Now I prepped the bare wood when it came in with a 320 on a flat block, gold, sanding it dry, then cleaned it with acetonea, getting any oil off. Then I used shellac, this shellac, then lots of black, because I sanded through on the third coat and six coats of clear maybe, sanding them, and it built up beautifully. This is straight off the aerosol can and I'm not going to... I'm going to leave it because it looks factory as it shrinks back.

And now the final thing is gold lacquer. I chose the antique gold because that's just the perfect color for what I'm trying to do.

Protecting the guitar body and fretboard

I'm going to put the body in a garbage bag. When you spray metallic you want to be careful because it gets in the air, it gets on your clothes.

And a little more tape on the back. I use this, the low tack [on-screen text reads: Low Tack Protective Tape - stewmac.com], because it's gentle on an old lacquer finish.

Setting the frisket on the peghead

Cool, I'm ready to put the frisket on. He's even got the top of the little mustache on there, and that would let me line it up right with the top of the peghead. That's cool. And then there's two tuning holes on there to line that up with. I might tape that in place for a second. I come across this with a piece of tape, just to keep it square to, and then it goes right about there.

[Dan tapes down the frisket on the peghead with low tack tape]

Mm-hmm. Boy, I like the looks of that. I should have painted it white. Now I just have to tape off the rest of the peghead. Let's go outdoors. It's a beautiful day, for the professional.

Spray painting the frisket

Camera Crew: All right, let's do this.

[Dan starts spray painting the frisket on the peghead with aerosol lacquer]

Dan Erlewine: You got to follow the wind.
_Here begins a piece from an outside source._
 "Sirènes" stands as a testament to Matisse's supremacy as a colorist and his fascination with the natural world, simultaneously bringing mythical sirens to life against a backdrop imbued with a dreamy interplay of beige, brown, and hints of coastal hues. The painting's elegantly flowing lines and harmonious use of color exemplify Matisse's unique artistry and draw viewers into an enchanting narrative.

Now it's going that way.

So we had to move our cameras indoors here. It's probably been less than 10 minutes, maybe eight. I did a little practice run last night on a other piece of lacquer and I took it off probably in a minute or so and I got some tips on how to do it.

Removing the frisket

If I see something like a line that doesn't look cut, I might just cut it a little bit, and I have my tweezers because you probably have to peel some of this off. Here goes nothing.
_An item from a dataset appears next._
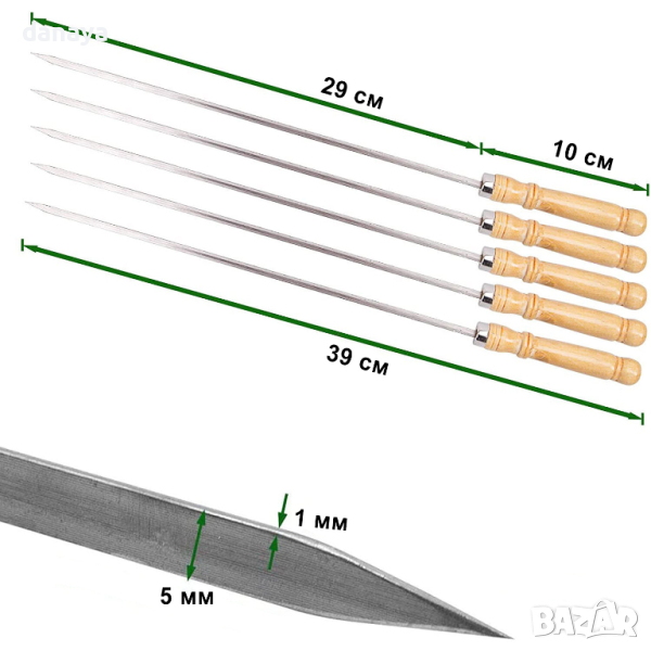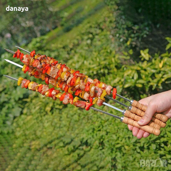 шишове с дървени дръжки изработени от неръждаема стомана. Идеалният избор за приготвяне на скара или барбекю. Дървената дръжка осигурява безопасно използване на шишовете, без опасност да изгорите ръката си. Острите върхове гарантират лесно захващане на продуктите.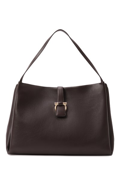 Сумку оттенка Oxblood сшили из мелкозернистой телячьей кожи, сформировав по бокам складки, напоминающие очертания лилии — символа Флоренции. Аксессуар закрывается ремешком с магнитной пряжкой Gancini, а внутренний карман застегивается молнией.

See, I might have left it on a little too long. It's left some residue. Whoa. Keep on going. Come on baby, let's go. Now we have to get smart. Let's see how I'm going to get this residue off. Hold on, I'm getting on there mighty quick with some naphtha [on-screen text reads: Behlen Naphtha Solvent - stewmac.com]. [Dan is rubbing the peghead with a rag with Naphtha on it] Crossing my fingers, knocking on wood.

So you might have learned a lesson on the lesson I just learned. Get it off as quick as you can, and don't be taking a video. It's coming off. Ooh, it looks good too. Go Danny, go.

Mm-hmm. Yay. Whew. Man, we lucked out. You got a double tip there. That's actually good to see a live video like that. Naphtha saved the day, and a little quick action. You got to get right to it and fix your own mistakes.

I'm going to get all this stuff off there and see how it looks. That's probably a 15-minute taping job there.

And that's it. I'm going to leave it just like this with that dry silk screen look. You could spray coats of lacquer on it and melt it all in, but frankly, this finish right off that aerosol can is flat enough that I'm done with it.